Sonntag, 14:51 Uhr: Der Panzertape-SLS von ROWE Racing (#23) hatte offenbar Höhe Klostertal einen Einschlag und kam jetzt quasi komplett ohne Heck in die Box. Wurde in die Garage geschoben. Sofern die Schubladen noch genug Kabelbinder und Tape hergeben, können wir vielleicht noch eine Reaktivierung hoffen. Realistisch betrachtet, dürfte es wohl eher das Aus für die Nummer 23 sein.

Sonntag, 14:46 Uhr: Bei Black Falcon will man jetzt nicht mehr auf Angriff fahren. Material schonen und den SLS AMG GT3 auf Platz 2 ins Ziel bringen, sei das Ziel. Nachvollziehbar, der Abstand zum Phoenix-R8 beträgt momentan fast 3 Minuten. Also 2 Audi Langstreckensiege in einer Woche?

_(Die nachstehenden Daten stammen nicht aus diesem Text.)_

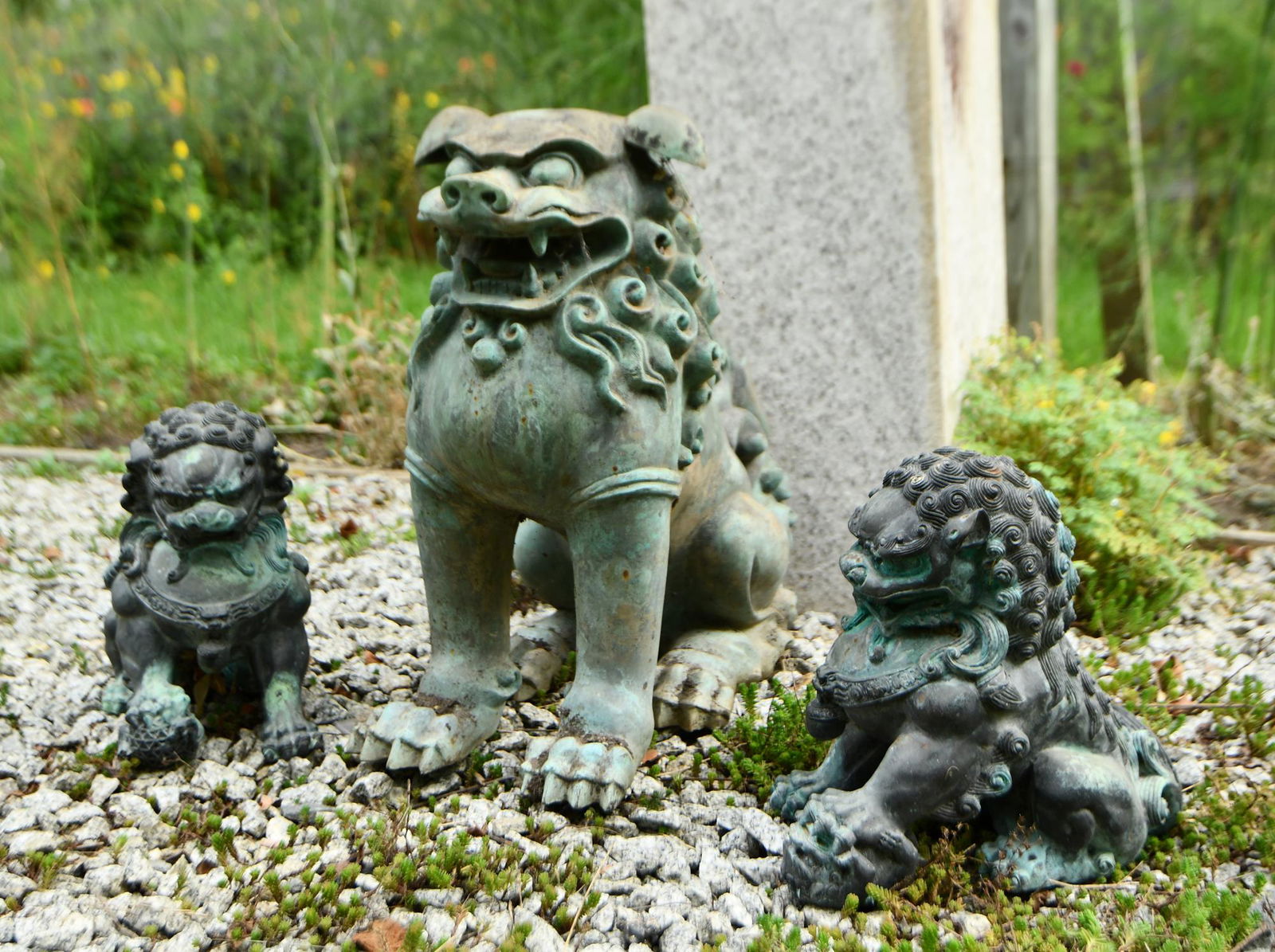 THREE BRONZE FOO LION GARDEN ORNAMENTS.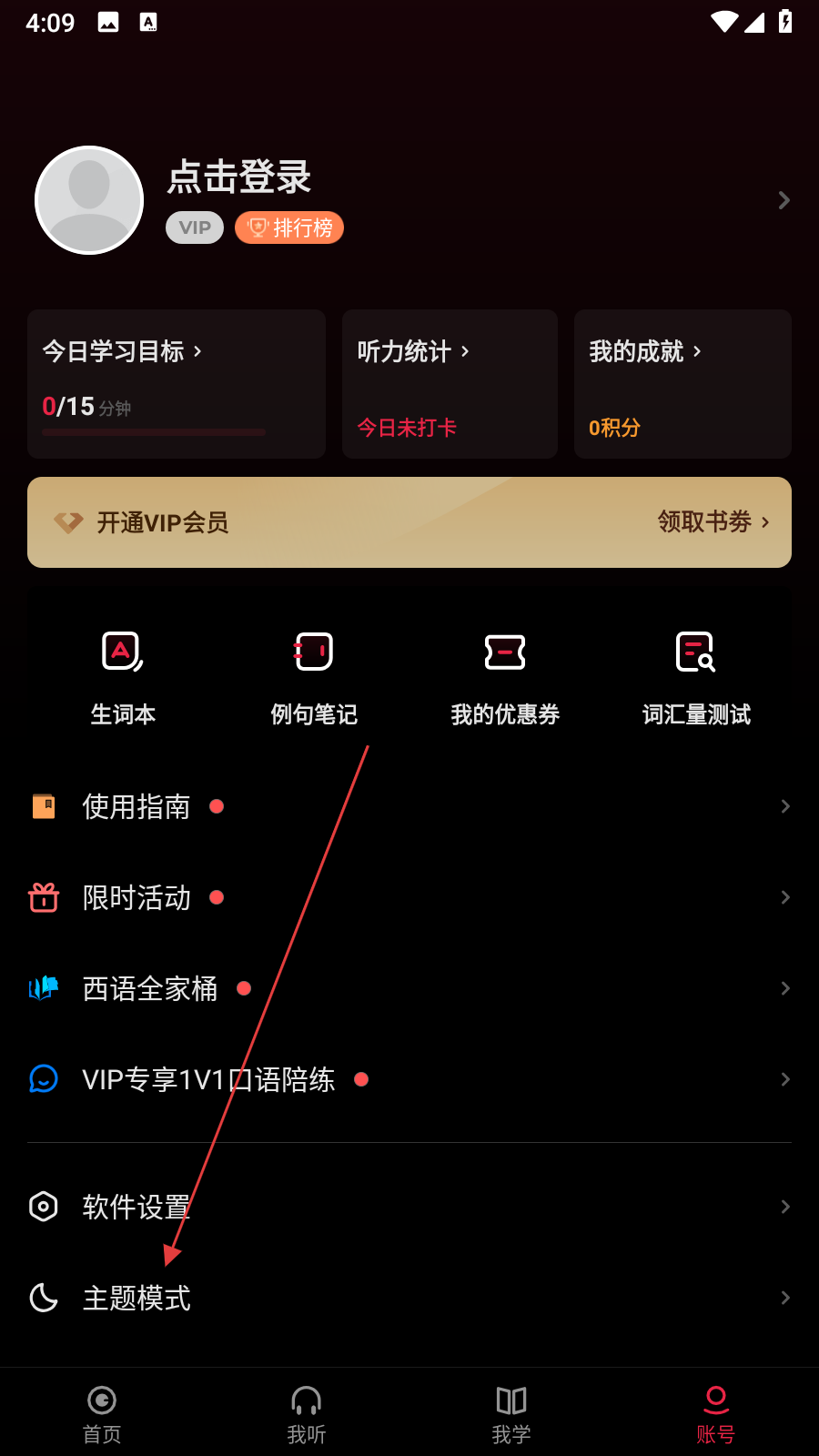 2、在賬號頁面中,找到主題模式選項并點擊,進入主題設置界面。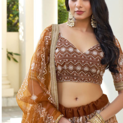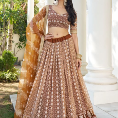 Brown Butterfly Net Embroidered Lehenga Choli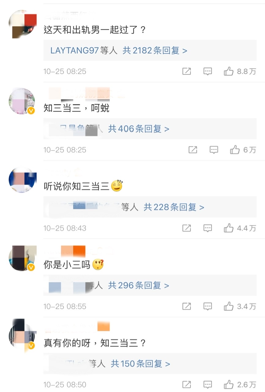 熱評:「這天和出軌男一起過了?」、「知三當三,呵銳」、「聽說你知三當三?」、「你是小三嗎?」、「真有你的呀,知三當三?」

Sonntag, 14:22 Uhr: Der Z4 ist wieder im Rennen, allerdings nun nur noch auf Position 6. Nach einem Dreher von Claudia Hürtgen war die Spurstange verbogen. Gut für die Mannschaft vom Falken-Porsche (#44), die stehen jetzt auf Position 4, gefolgt vom Aston Martin #7.

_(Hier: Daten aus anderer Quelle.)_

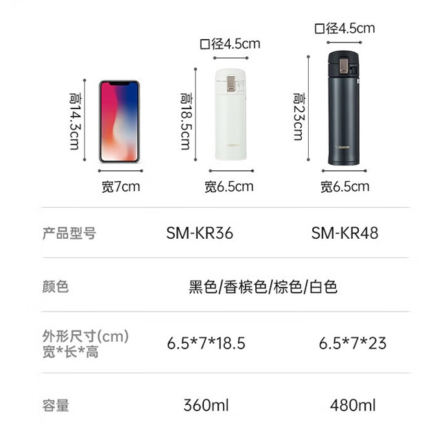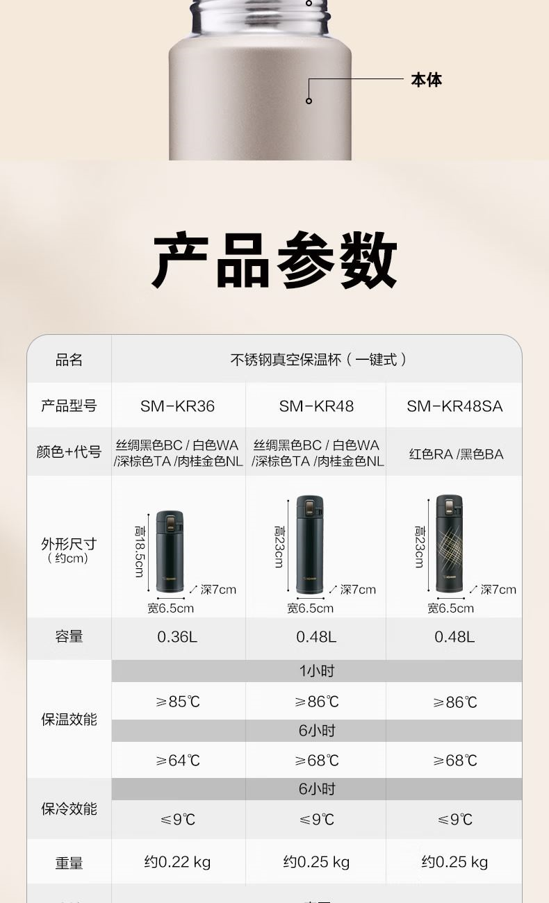 象印保温杯SM-KR48弹盖杯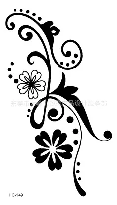 Wyuen Bunga Asli Stiker Tato Tangan Dicat Gaya Bunga Sederhana Hitam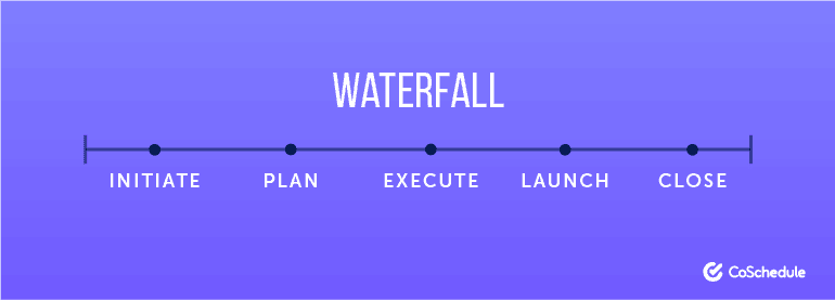Waterfall is a project management approach that is very similar to traditional project management. Projects are completed in set stages and move from step-to-step until the project is completed. You typically create a big plan on the front-end and then execute it. All while crossing your fingers that no changes pop-up. No phase can begin until the prior phase is complete, and the completion of each phase is final — meaning the Waterfall approach does not allow you to return to a previous phase.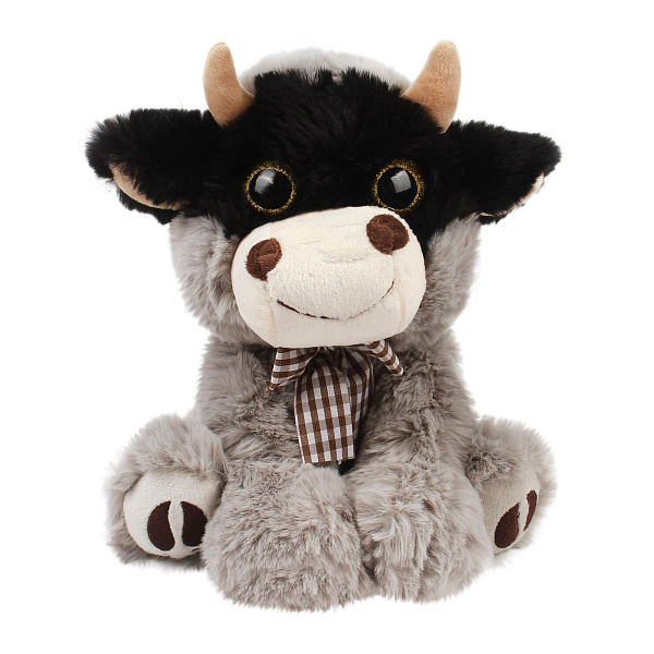 Мягкая игрушка «Коровка» высотой 23 см привлекает внимание своим необычным и ярким внешним видом. Голова коровки выполнена из густого чёрного меха, который красиво контрастирует с мягким серым телом, создавая оригинальный и стильный образ. Большие выразительные глазки с золотистым блеском излучают доброжелательность, а милый носик и улыбка создают ощущение тепла и уюта. Особенностью дизайна являются аккуратные рога светло-коричневого цвета и пушистые ушки, подчеркивающие её очарование.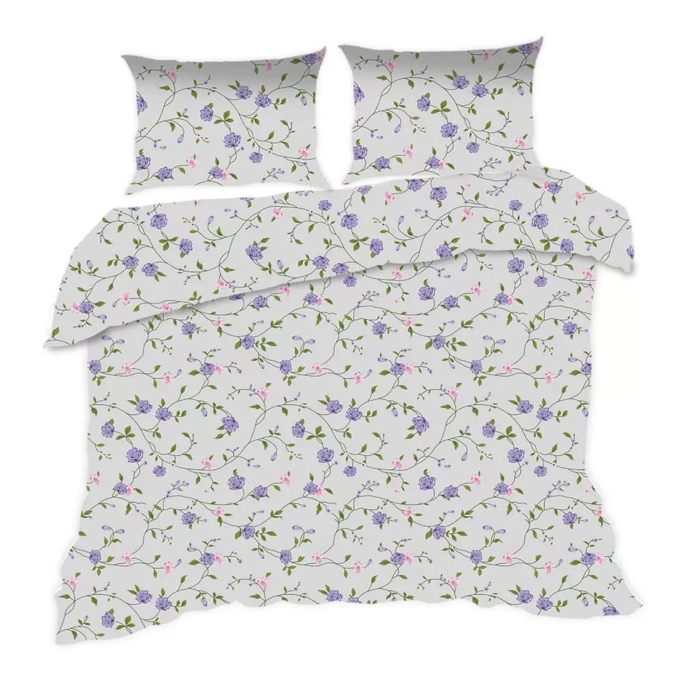 1668N Pościel bawełniana Classic E24 Karo kwiaty szara fioletowa – 100% bawełna, trwała, kolorowa, komplet 2-częściowy

Sonntag, 14:12 Uhr: Für den Schubert-Z4 (#20) schwinden – keine 2 Stunden vor Rennende – die Chancen auf den Sieg: der Wagen steht mit einem Aufhängungsschaden in der Box.

Sonntag, 13:24 Uhr: Zugegebenermaßen sind wir ja gerne über den Felix am Lästern. Jetzt müssen wir aber mal eine Lanze brechen und kurz Klartext reden: auch wenn der Baumgartner ein gutes Stück langsamer ist, als seine Kollegen – ein Rennfahrer ist er ja nicht – muss man für Zeiten von unter 9 Minuten die Pobacken schon fest zusammenkneifen. Soviel Respekt muss man ihm dann doch zollen. Jetzt dürfen wir auch wieder lästern.

Sonntag, 13:20 Uhr: Korrektur: die schnellste Rennrunde wurde übrigens nicht vom 007-Aston-Martin gefahren, sondern vom Dörr-Motorsport-McLaren mit der #66. Eine 8:19.607 war das in der 38. Runde.

Sonntag, 13:15 Uhr: Die Baumgartner-PR-Maschine läuft auf Twitter jedenfalls wie geölt. Da hebt man schonmal ganz zusammenhanglos hervor, dass man nur 10 Sekunden langsamer war, als irgendein anderes Auto mit einem R8-Schildchen am Heck. Gut, auch 45 Sekunden langsamer, als zuvor die Teamkollegen, aber darüber zu sprechen, wäre ja nun wieder kleinkariert.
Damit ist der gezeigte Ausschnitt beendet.